Mumtaz Hussein Deen Ahmed was executed for smuggling heroin, while two Saudis were executed for murder.
Saudi Arabia beheaded a Pakistani and two Saudis on Tuesday, bringing to 48 the number of death sentences carried out this year. That is more than half of the 87 people executed during all of 2014, according to an AFP tally.
Reasons for the surge are unclear but human rights group Amnesty International says Saudi Arabia is “well on track” to far exceed previous annual execution records. The London-based watchdog says Saudi Arabia has regularly been among the world’s top five executioners.
Among Tuesday’s cases, Mumtaz Hussein Deen Ahmed, of Pakistan, was executed in Medina after his conviction for smuggling heroin, the interior ministry said.
Najr bin Faraj al-Azmi al-Otaibi, a Saudi, was put to death in Taif for stoning and caning to death another man, the ministry said in a statement carried by the official Saudi Press Agency.

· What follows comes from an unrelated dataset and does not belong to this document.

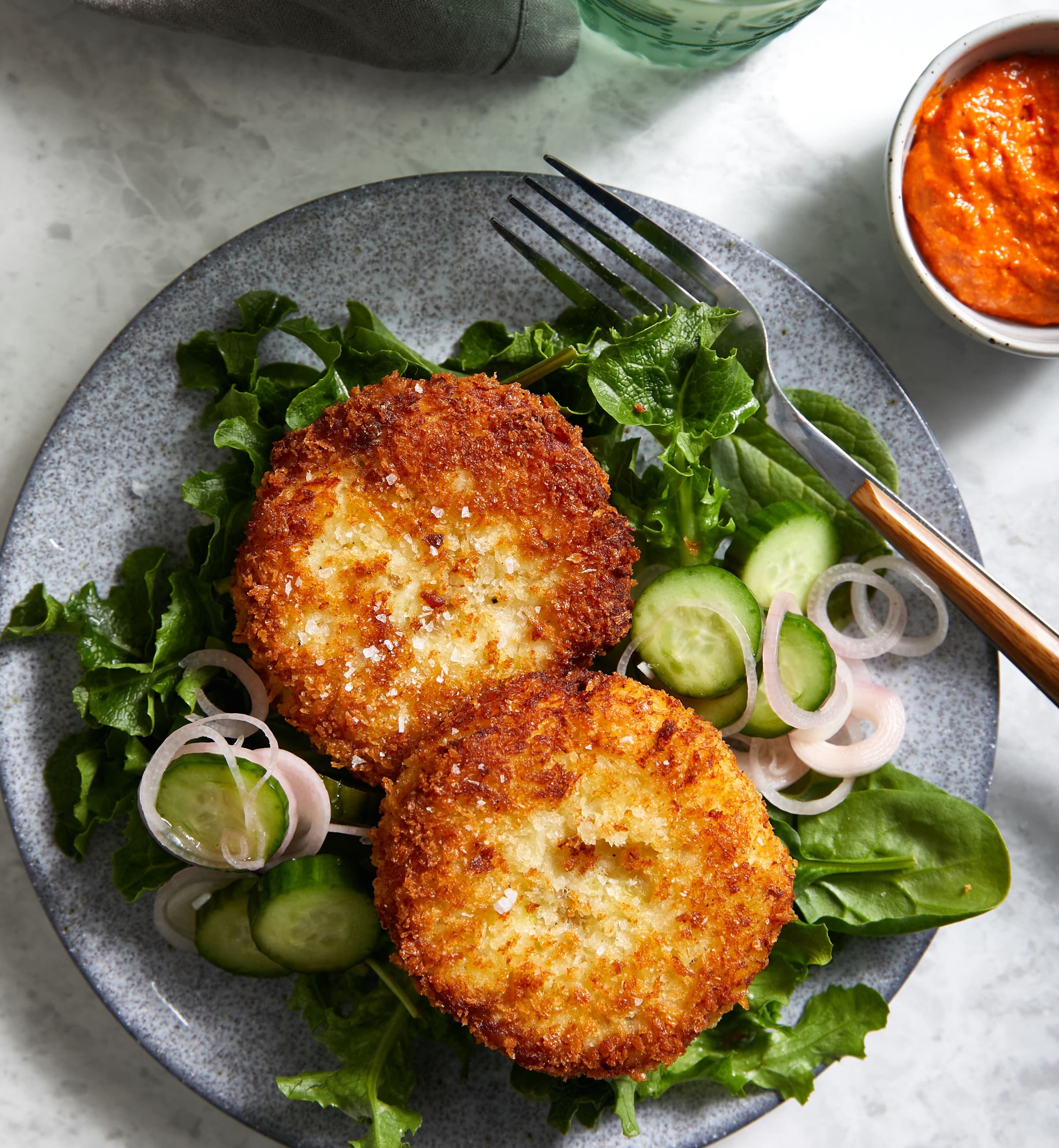 - Pan-Fried Fish Cakes with Romesco Sauce Crispy fried fish cakes are served with a traditional Catalan sauce called romesco, which typically includes roasted peppers and tomatoes, toasted bread, almonds, and plenty of fruity olive oil.
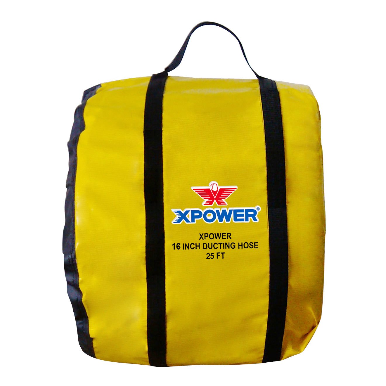 This XPOWER 25 ft. long ducting hose is a rugged PVC vinyl-coated polyester fabric hose with a black external PVC strip which resists exterior damage when dragging. This hose features a 16 inch. diameter and an integrated spring steel wire support coil which is flexible for expansion, compression and angled turns.  Great for heating, air conditioning, dehumidification, blower, ventilation and exhaust jobs in a variety of industrial, residential, and construction applications. An optional ducting hose adapter kit (16DHK) is available to connect ducting to the XPOWER X-47ATR axial fan.

Another Saudi, Moeid bin Ali bin Moeid al-Saad al-Qahtani, was beheaded by the sword in Eastern Province for gunning down a man.
The ministry added that the execution of both Saudis was delayed until the children of their victims came of age to decide whether the sentences should be carried out.
Rape, murder, apostasy, armed robbery and drug trafficking are all punishable by death under Saudi Arabia’s version of sharia law. Christof Heyns, the U.N. special rapporteur on extrajudicial, summary or arbitrary executions, said in September that trials “are by all accounts grossly unfair” and defendants are often not allowed a lawyer. He said confessions were obtained under torture.
The Gulf state has carried out around 80 executions annually since 2011. In comparison, Iran has executed more than 1,000 people since January last year, the U.N. special rapporteur on Iran, Ahmed Shaheed, said on Monday.